START DATA SECTION

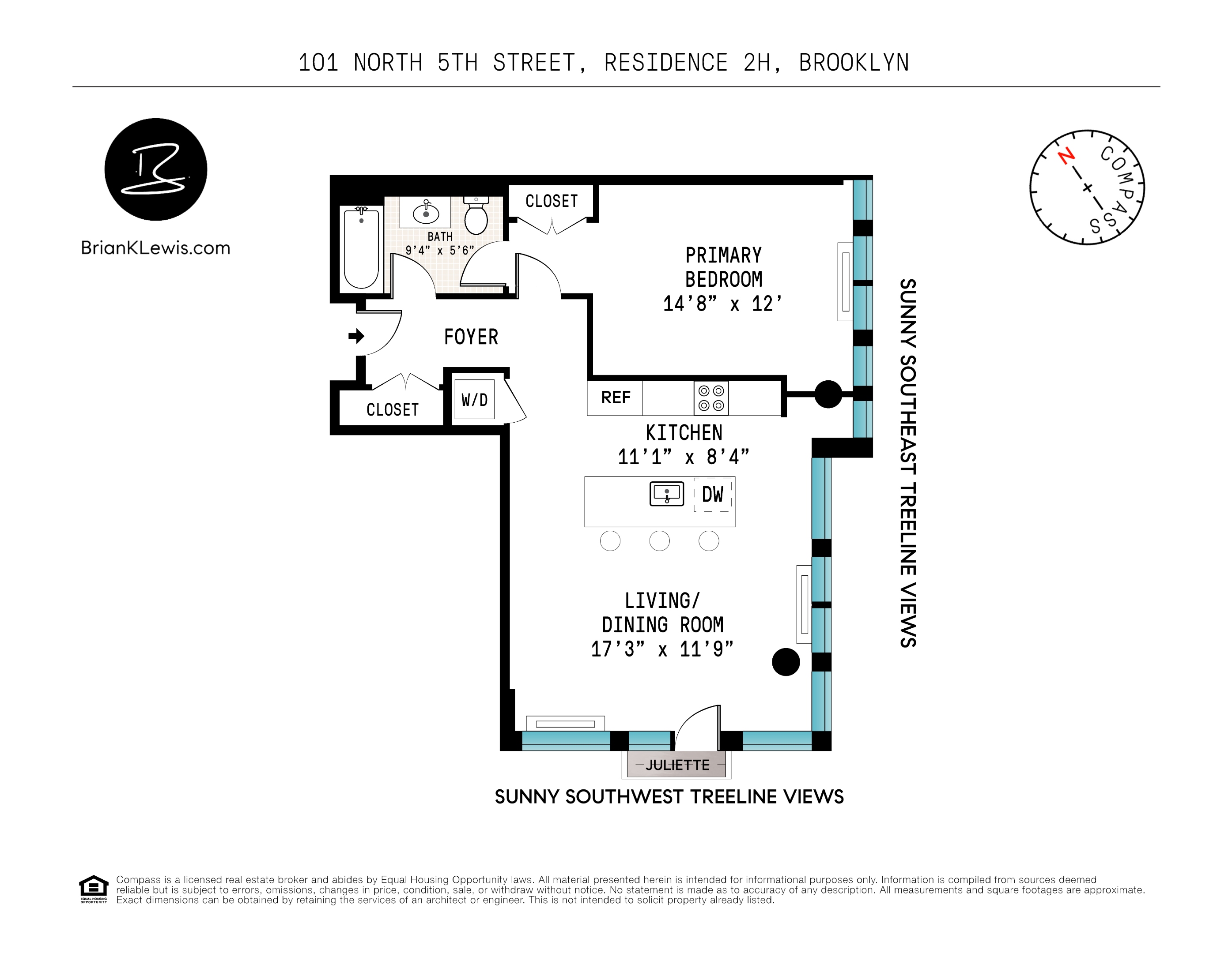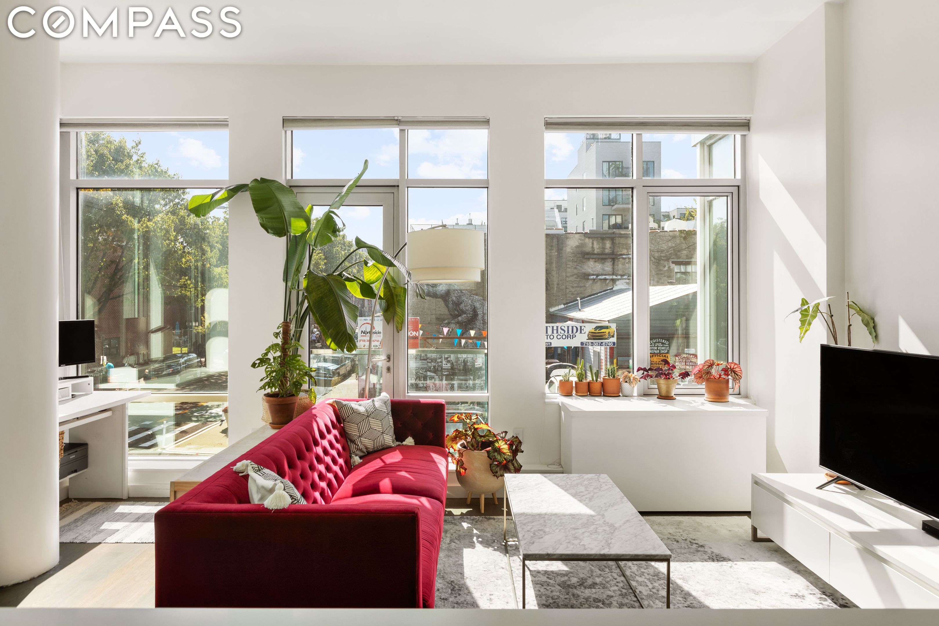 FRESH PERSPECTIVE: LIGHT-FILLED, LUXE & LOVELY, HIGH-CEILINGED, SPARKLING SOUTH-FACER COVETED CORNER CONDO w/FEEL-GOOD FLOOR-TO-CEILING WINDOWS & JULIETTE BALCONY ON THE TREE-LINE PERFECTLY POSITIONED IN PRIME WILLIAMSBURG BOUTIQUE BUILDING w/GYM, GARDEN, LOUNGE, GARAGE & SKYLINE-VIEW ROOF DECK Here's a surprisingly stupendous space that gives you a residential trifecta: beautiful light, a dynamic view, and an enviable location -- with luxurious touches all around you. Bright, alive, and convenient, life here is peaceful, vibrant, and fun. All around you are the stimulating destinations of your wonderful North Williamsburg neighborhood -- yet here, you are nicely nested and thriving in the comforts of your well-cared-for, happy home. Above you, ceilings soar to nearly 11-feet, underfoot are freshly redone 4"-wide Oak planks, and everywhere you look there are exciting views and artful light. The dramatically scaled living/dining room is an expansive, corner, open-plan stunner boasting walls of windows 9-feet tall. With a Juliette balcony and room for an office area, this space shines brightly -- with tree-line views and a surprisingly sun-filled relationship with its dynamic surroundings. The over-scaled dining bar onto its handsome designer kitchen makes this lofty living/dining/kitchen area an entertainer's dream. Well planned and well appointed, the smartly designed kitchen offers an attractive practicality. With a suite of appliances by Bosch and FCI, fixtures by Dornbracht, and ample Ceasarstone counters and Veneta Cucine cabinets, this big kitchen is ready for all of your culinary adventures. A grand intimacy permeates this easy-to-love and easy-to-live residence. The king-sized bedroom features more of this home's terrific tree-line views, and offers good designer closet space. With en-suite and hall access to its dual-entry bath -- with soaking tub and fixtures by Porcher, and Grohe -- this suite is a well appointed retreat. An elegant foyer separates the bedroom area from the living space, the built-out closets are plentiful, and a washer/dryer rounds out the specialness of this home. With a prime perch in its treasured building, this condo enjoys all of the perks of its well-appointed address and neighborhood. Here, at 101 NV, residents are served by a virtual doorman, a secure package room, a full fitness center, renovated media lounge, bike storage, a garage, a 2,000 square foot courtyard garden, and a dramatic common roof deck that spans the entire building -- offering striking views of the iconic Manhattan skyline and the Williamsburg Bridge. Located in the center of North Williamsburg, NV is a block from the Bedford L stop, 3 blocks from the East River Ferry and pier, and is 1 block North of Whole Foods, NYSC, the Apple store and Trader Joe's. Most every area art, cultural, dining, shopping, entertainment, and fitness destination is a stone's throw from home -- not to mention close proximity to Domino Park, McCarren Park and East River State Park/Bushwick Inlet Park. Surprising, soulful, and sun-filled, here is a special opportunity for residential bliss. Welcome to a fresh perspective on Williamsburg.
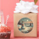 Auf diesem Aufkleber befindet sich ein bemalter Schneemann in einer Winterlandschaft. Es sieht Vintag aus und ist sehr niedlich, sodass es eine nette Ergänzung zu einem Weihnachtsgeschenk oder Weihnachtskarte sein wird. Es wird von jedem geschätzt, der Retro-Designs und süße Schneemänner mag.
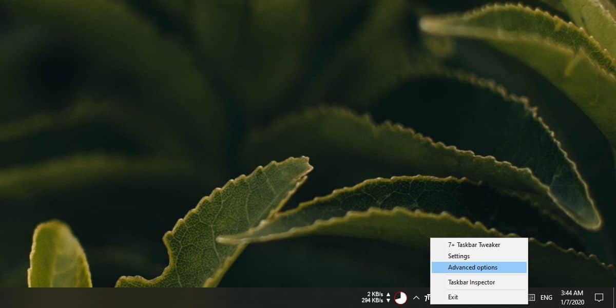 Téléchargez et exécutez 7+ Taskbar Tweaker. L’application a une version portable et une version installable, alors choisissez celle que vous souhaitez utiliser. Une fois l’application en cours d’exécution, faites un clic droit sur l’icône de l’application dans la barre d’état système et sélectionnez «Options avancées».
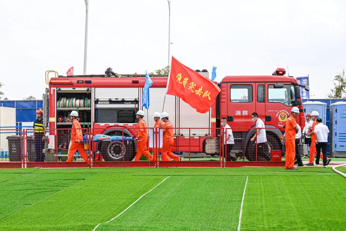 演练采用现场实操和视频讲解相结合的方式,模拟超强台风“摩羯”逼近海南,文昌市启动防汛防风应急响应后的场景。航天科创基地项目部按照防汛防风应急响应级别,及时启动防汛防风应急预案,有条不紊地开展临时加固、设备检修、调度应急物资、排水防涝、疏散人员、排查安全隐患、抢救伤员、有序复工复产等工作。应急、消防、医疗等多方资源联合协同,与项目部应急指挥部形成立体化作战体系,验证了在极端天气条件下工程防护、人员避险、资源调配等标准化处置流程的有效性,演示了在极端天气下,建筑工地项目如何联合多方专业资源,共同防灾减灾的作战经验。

END DATA SECTION

PROBLEM TO WORK ON ▸
Write out exactly the lines from the line that contains "Téléchargez et exécutez" to the last line of the material above, both included; pictures do not belong in the copy.

SOLUTION ▸
 Téléchargez et exécutez 7+ Taskbar Tweaker. L’application a une version portable et une version installable, alors choisissez celle que vous souhaitez utiliser. Une fois l’application en cours d’exécution, faites un clic droit sur l’icône de l’application dans la barre d’état système et sélectionnez «Options avancées».
 演练采用现场实操和视频讲解相结合的方式,模拟超强台风“摩羯”逼近海南,文昌市启动防汛防风应急响应后的场景。航天科创基地项目部按照防汛防风应急响应级别,及时启动防汛防风应急预案,有条不紊地开展临时加固、设备检修、调度应急物资、排水防涝、疏散人员、排查安全隐患、抢救伤员、有序复工复产等工作。应急、消防、医疗等多方资源联合协同,与项目部应急指挥部形成立体化作战体系,验证了在极端天气条件下工程防护、人员避险、资源调配等标准化处置流程的有效性,演示了在极端天气下,建筑工地项目如何联合多方专业资源,共同防灾减灾的作战经验。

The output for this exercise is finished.